» **SUPPLIED MATERIAL**
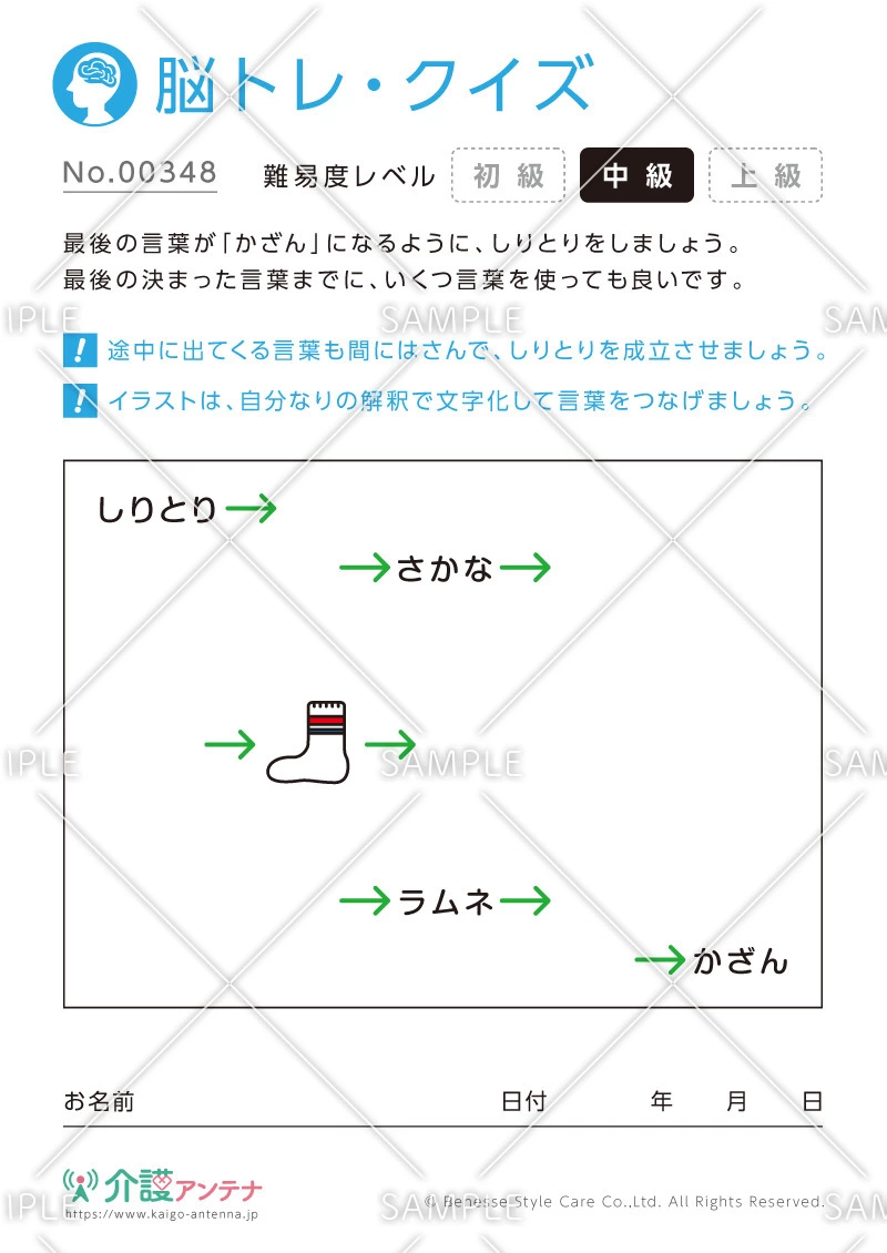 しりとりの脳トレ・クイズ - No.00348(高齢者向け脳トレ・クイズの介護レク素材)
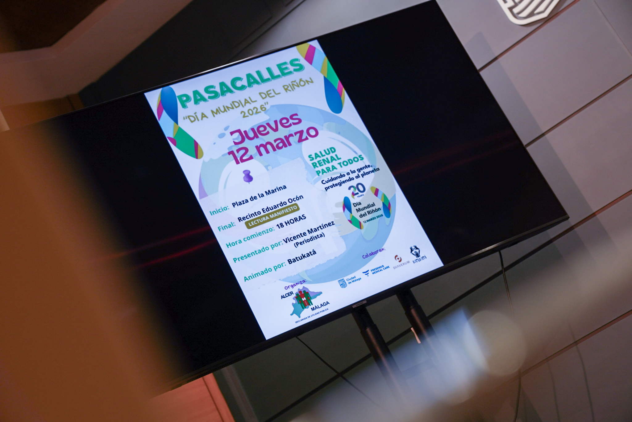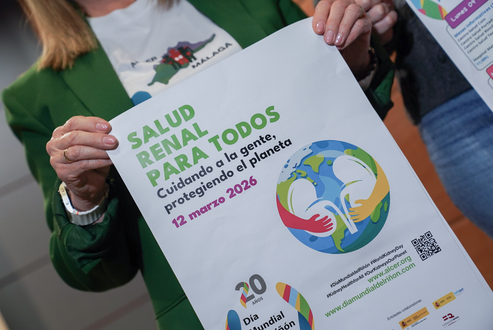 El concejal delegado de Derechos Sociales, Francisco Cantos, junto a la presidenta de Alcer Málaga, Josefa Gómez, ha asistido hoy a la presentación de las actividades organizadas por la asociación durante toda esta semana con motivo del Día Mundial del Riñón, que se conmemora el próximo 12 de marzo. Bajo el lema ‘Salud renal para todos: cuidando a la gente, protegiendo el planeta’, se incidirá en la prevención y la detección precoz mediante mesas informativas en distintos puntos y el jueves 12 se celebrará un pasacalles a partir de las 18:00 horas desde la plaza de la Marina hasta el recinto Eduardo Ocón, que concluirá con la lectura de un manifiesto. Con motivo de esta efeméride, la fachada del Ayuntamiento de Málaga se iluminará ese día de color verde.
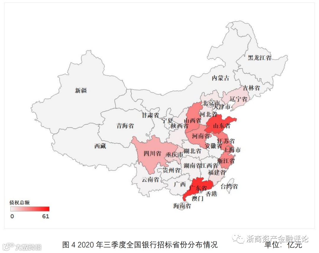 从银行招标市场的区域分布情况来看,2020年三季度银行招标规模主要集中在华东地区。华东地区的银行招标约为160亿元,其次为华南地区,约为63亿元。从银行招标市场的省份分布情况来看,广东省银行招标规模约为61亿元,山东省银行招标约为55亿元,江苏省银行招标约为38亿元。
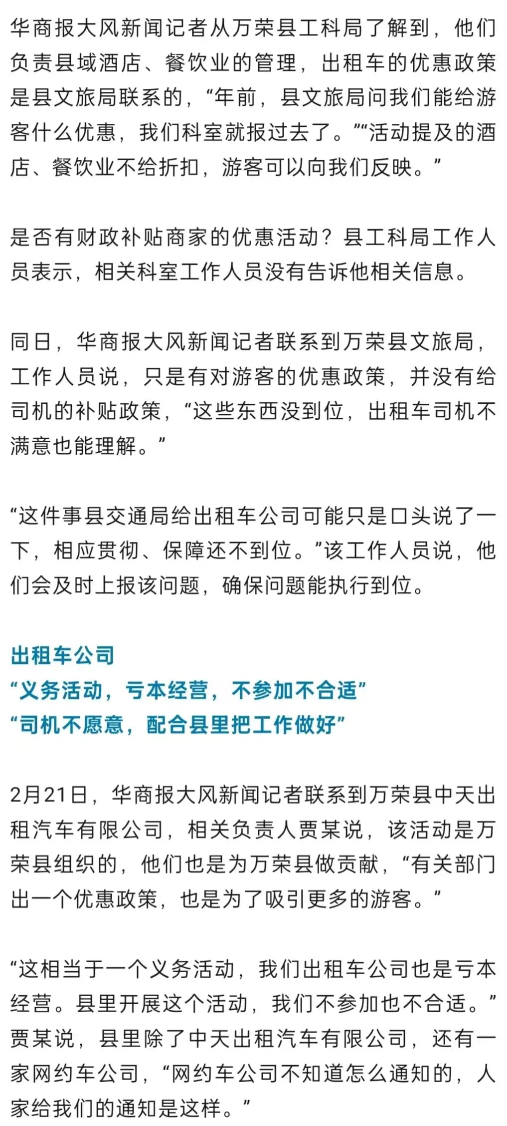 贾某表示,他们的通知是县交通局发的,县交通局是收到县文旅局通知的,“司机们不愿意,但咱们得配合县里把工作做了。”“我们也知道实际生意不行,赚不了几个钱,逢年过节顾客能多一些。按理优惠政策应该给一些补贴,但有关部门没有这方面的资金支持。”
* * *
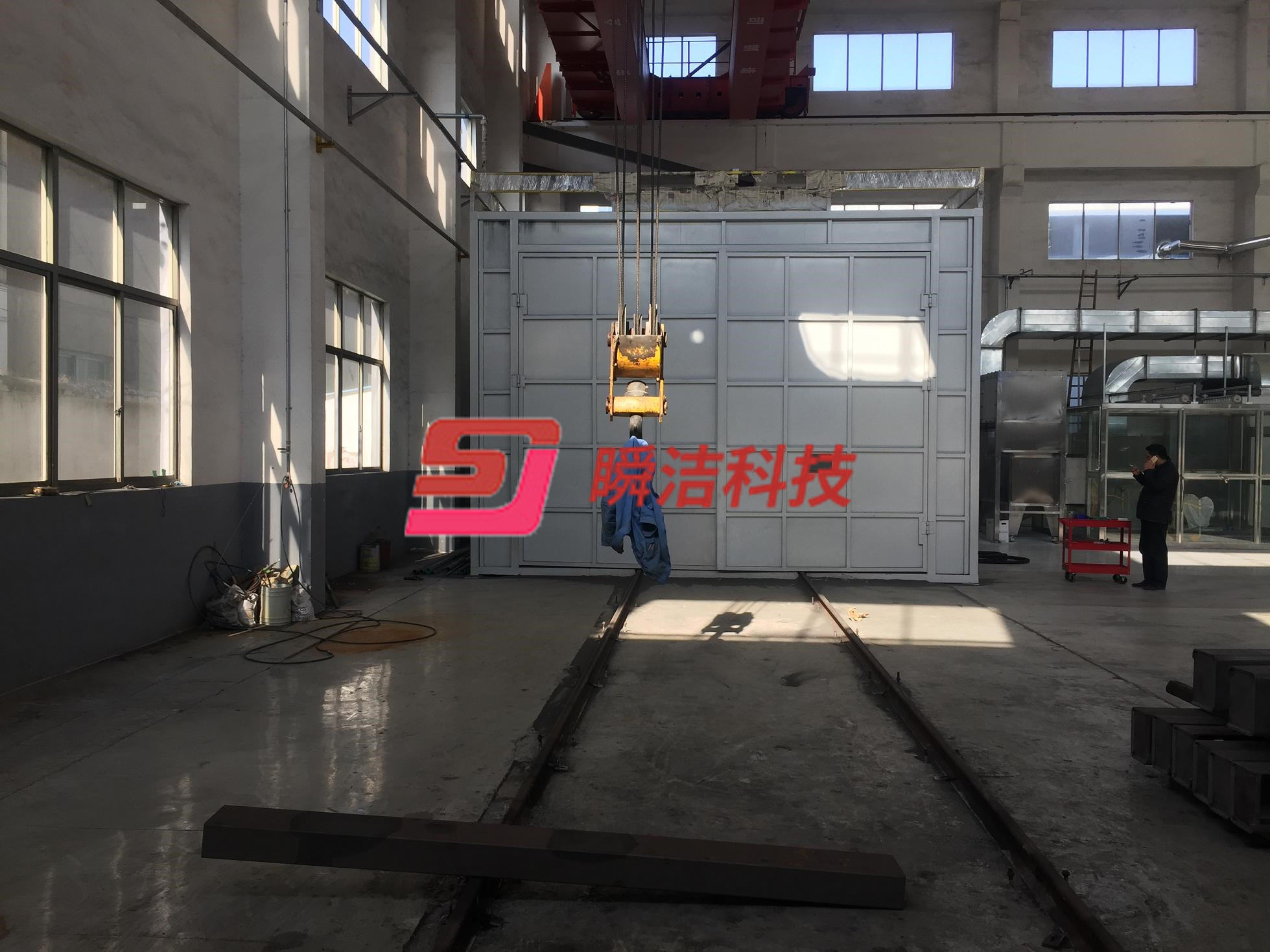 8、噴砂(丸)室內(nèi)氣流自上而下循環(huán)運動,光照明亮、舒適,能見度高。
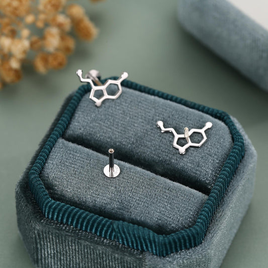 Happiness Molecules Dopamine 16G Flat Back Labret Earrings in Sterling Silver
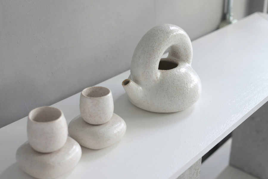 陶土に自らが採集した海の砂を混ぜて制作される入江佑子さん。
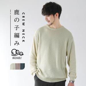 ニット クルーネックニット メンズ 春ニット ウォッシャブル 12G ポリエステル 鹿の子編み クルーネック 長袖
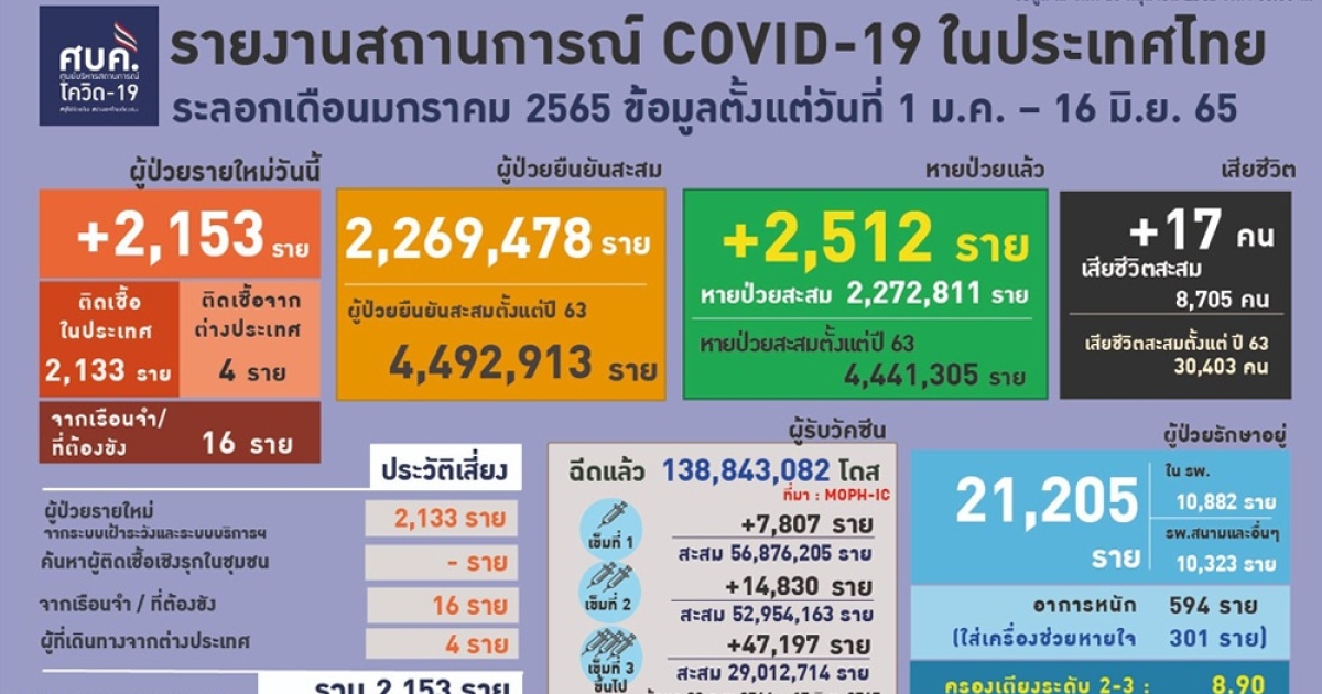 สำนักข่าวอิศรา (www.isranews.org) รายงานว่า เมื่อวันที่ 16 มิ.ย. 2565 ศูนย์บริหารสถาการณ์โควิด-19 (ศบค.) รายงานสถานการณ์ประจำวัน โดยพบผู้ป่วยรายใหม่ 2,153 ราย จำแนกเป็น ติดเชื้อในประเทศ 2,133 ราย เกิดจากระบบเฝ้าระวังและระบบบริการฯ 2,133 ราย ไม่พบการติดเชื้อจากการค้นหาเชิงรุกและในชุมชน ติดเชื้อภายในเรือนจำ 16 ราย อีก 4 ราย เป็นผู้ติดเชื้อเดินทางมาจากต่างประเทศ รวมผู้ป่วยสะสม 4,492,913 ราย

» **PROBLEM REQUIREMENTS**
Everything from the line with "しりとりの脳トレ・クイズ - No.00348(高齢者向け脳トレ・クイズの介護レク素材)" through the line with "贾某表示,他们的通知是县交通" in the material above should be transcribed exactly, except the pictures.

» **OUTPUT FOR THIS TASK**
 しりとりの脳トレ・クイズ - No.00348(高齢者向け脳トレ・クイズの介護レク素材)
 El concejal delegado de Derechos Sociales, Francisco Cantos, junto a la presidenta de Alcer Málaga, Josefa Gómez, ha asistido hoy a la presentación de las actividades organizadas por la asociación durante toda esta semana con motivo del Día Mundial del Riñón, que se conmemora el próximo 12 de marzo. Bajo el lema ‘Salud renal para todos: cuidando a la gente, protegiendo el planeta’, se incidirá en la prevención y la detección precoz mediante mesas informativas en distintos puntos y el jueves 12 se celebrará un pasacalles a partir de las 18:00 horas desde la plaza de la Marina hasta el recinto Eduardo Ocón, que concluirá con la lectura de un manifiesto. Con motivo de esta efeméride, la fachada del Ayuntamiento de Málaga se iluminará ese día de color verde.
 从银行招标市场的区域分布情况来看,2020年三季度银行招标规模主要集中在华东地区。华东地区的银行招标约为160亿元,其次为华南地区,约为63亿元。从银行招标市场的省份分布情况来看,广东省银行招标规模约为61亿元,山东省银行招标约为55亿元,江苏省银行招标约为38亿元。
 贾某表示,他们的通知是县交通局发的,县交通局是收到县文旅局通知的,“司机们不愿意,但咱们得配合县里把工作做了。”“我们也知道实际生意不行,赚不了几个钱,逢年过节顾客能多一些。按理优惠政策应该给一些补贴,但有关部门没有这方面的资金支持。”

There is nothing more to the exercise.